Civ5 and 6 are kind of the watered down version of civ4 with much much worse AI. Literally, you will never have a challenge from the AI in civ6 if you learn to fight even a little bit.
In civ4 as someone said, if the AI declares war on you, you might actually be in trouble. Certainly you need to do more than send a few ranged units over to kill everyone.
civ4 also had some diplomacy options that are SORELY lacking in later civs. You can create vassals, you can force empires you're beating to become your vassal. Often games end up with a few empires and their vassals facing off. It means that parity stays around a lot longer.
In civ6, i end up wiping out civs because ♥♥♥♥ it, everyone already hates me even though i'm fighting a war they started and if they're truly dead, i never have to have them ask me (in the same turn as everyone else) for 6 GPT in exchange for NOTHING.
civ6 has some nice stuff in it, but it's basically role playing civ game. There's never a challenge short of the AI starting with 5x your units and 3x your cities and rushing you, and then it only feels like its a stacked deck.
Civ4 has some other nice things. I has an advanced start mode where you get points and can design your civ right from the start with techs and cities and whatnot. The game then starts from there.

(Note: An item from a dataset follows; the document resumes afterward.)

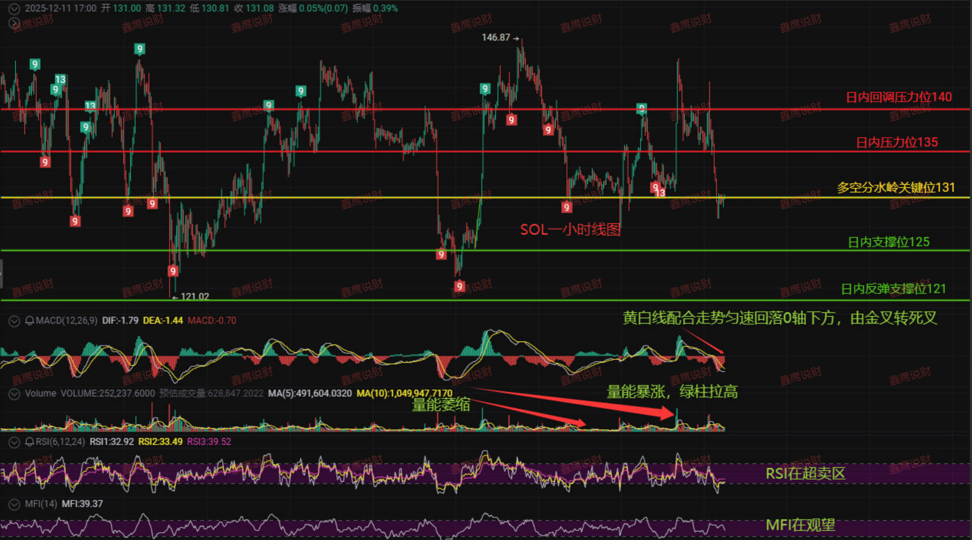 From the 1-hour chart, SOL closed at 131.08, having lost the 131 bullish-bearish dividing line, making the situation very passive. More dangerously: the MACD yellow and white lines have turned from a golden cross to a death cross below the zero axis, and the volume has suddenly surged, which is a typical signal of 'increased volume drop'! The RSI has entered the oversold zone, indicating extremely high short-term selling pressure. The upper resistance zone of 135-140 has become a heavy pressure zone, and if the 125 support breaks again, the next target may be 121!

It has much better restrictions on tall vs wide. In civ6 you might as well always build as much as you can, in civ4 there are milestones you need to hit before its worth going wider, and then there are govt decisions that make it so you can go really really wide or not.

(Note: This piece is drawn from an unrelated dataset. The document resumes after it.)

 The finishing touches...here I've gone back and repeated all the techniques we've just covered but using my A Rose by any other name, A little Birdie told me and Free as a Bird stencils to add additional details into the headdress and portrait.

Ok which game has the best combat? Can you do more in Civ 4? Which game has the best AI?
That being said as a new player I'd start with Civ 6.

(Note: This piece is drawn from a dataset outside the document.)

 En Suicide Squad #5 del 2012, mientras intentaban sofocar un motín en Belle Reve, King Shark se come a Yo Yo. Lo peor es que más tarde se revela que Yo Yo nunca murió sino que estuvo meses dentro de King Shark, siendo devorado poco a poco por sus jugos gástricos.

However 5 also is a wonder rush game, so you have to limit yourself or play at deity to really have fun with it after a while.
As for the A.I. well, at deity they seem to fight just fine.
6 has a harder time at later tech eras, but the A.I. seems pretty solid to me. Maybe it's a difficulty level thing, but I always go up against tons of a.i. anyways.
If you want the vassal stuff, and other diplomatic options.
Stellaris is a great game to get into, although that's science fiction.
Civ6 does have more diplomatic options than 5 though, since you can have different types of allies with different bonuses.
Could you explain how policies are more simplified in V vs IV?
In Civ V you have 9 policy tress and then an ideology pyramid. That's a lot of potential decisions to make (dependent on your decision how much to invest in culture). Civ IV has 5 blocks of civics with 5 choices in, with the first civic having no effect...as well as civics being unlocked by the tech tree, along with everything else...
Oh, and in Civ IV you can ameliorate poor choices by 'switching' civics with a minor penalty. In Civ V you have to stick with your policy decisions; hence you have to plan long term and cannot undo poor choices.